A few of my favourite zero-waste things: 

  1. Homemade snack sacks! My darling sister crafted a series of snack sacks for my zero-waste trial, complete with water resistent lining and a variety of sizes and zipper/velcro closures. They are a constant companion.Zero_waste_lunches__I_give_myself_a____for_effort_this_week.__zerowaste__ecofriendly__keto.jpg
  2. Bamboo toothbrushes! These guys have been great, and the handle is compostable. I can just pull out the bristles and throw it in the compost bin! They have worked really well and I am so pleased with their performance and durability.
  3. Homemade toothpaste. I riff off this recipe from Sweet Madeline, and I feel like my teeth have been squeaky clean.
  4. Homemade deodorant spray. I was using Weleda deodorant, but have refilled the glass spray bottle with my own concoction. Once I have found the perfect essential oil blend, I will share the recipe.
  5. Produce baggies & canvas bags. A few tweaks to what I carry around each day really helped – I always have a canvas bag and a mesh produce bag tucked into my purse, as there are many days that I would quickly pop by the shop on my way home.
  6. Microfiber cloths instead of cotton pads. This substitution was a resounding success and I highly recommend this approach for makeup removal! With a splash of coconut oil or micellar water, these cloths are marvelous and my skin is very happy.

Zero(ish) waste Plans:

Now that the challenge is over, I think a few things will change – for example, I am no longer collecting all my waste (partly because I share a flat with two other humans while in London and storing a bag of trash seems like an unnecessary step). But, I felt really good about trying to tread more lightly on the earth and find ways of aligning my consumption choices with this ideology. Thus, I hope to continue with trying to minimize the garbage I accumulate. Here are a few ways that I will try to maintain a zero-waste approach to life.

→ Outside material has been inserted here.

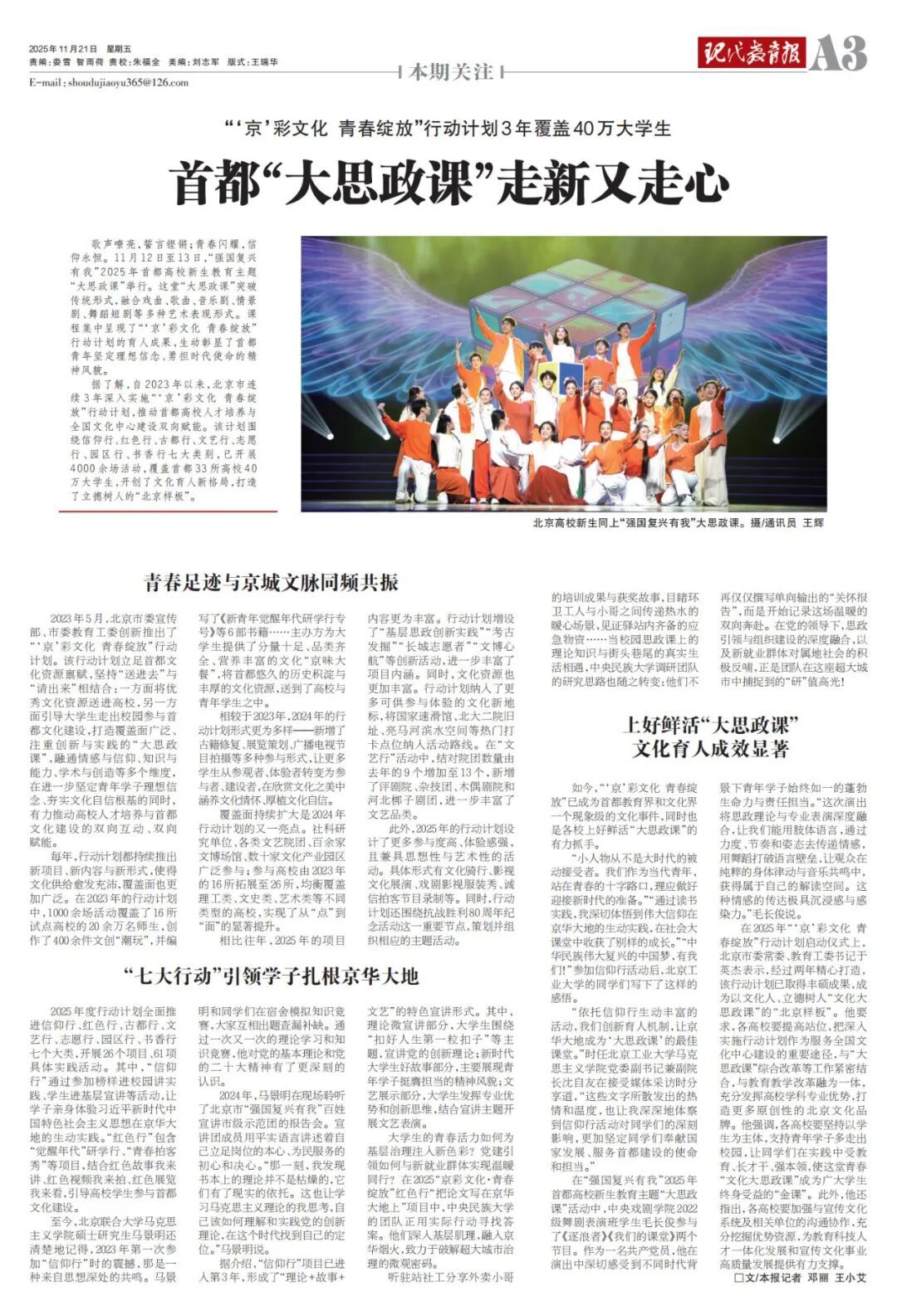 如今,“‘京’彩文化 青春绽放”已成为首都教育界和文化界一个现象级的文化事件,同时也是各校上好鲜活“大思政课”的有力抓手。

  1. Food stuff: I will continue to try to find as many naked produce items as possible. For the next couple weeks, I can take advantage of the local farmers’ markets before they close for the season. After that, I will continue getting the Abel & Cole organics fruit & veg boxes, which do a good job of minimizing non-organic packaging.
  2. Beauty products: I am constantly looking for ways to ensure my beauty products are as natural and low impact as possible. There are a few products I have been eyeing. I have been using the Mach 3 razor for years now – it has been durable and each blade has a long life. However, once I have finished up the blades, I have been eyeing this safety razor which in the long run seems like an economical and eco-friendly choice.
  3. Office supplies: I am a big fan of really good stationary supplies and I have switched over to a stainless steel Lamy fountain pen, which is both beautiful and lovely to write with. I still have a number of replacement cartridges, but my plan is to switch to the refillable ink cartridge once these have been used up. While I have a bit of a stockpile of highlighters to work though, I am eyeing highlighter pencils (either these  or these) when I need to restock.  IMG_6512.JPG

In sum, this has been a fun challenge, one that forced me to be aware of how everyday behaviours contribute to the mounds of trash in the world. I hope this zero(ish) , and one that I hope will continue to have an impact on how I make decisions moving forward. Because we can do so much better.

6 thoughts on “Zero(ish) waste check-in

    1. It looks pretty unexceptional – just a white paste (I will send you a pic). I just put a few drops of peppermint essential oil in my first few batches. As I got used to the baking soda taste, I didn’t even bother putting any in my last batch. Both ways are delicious.


  1. Great post! I love reading blog posts about zero waste in action, as I am currently trying to reduce the amount of waste that I create.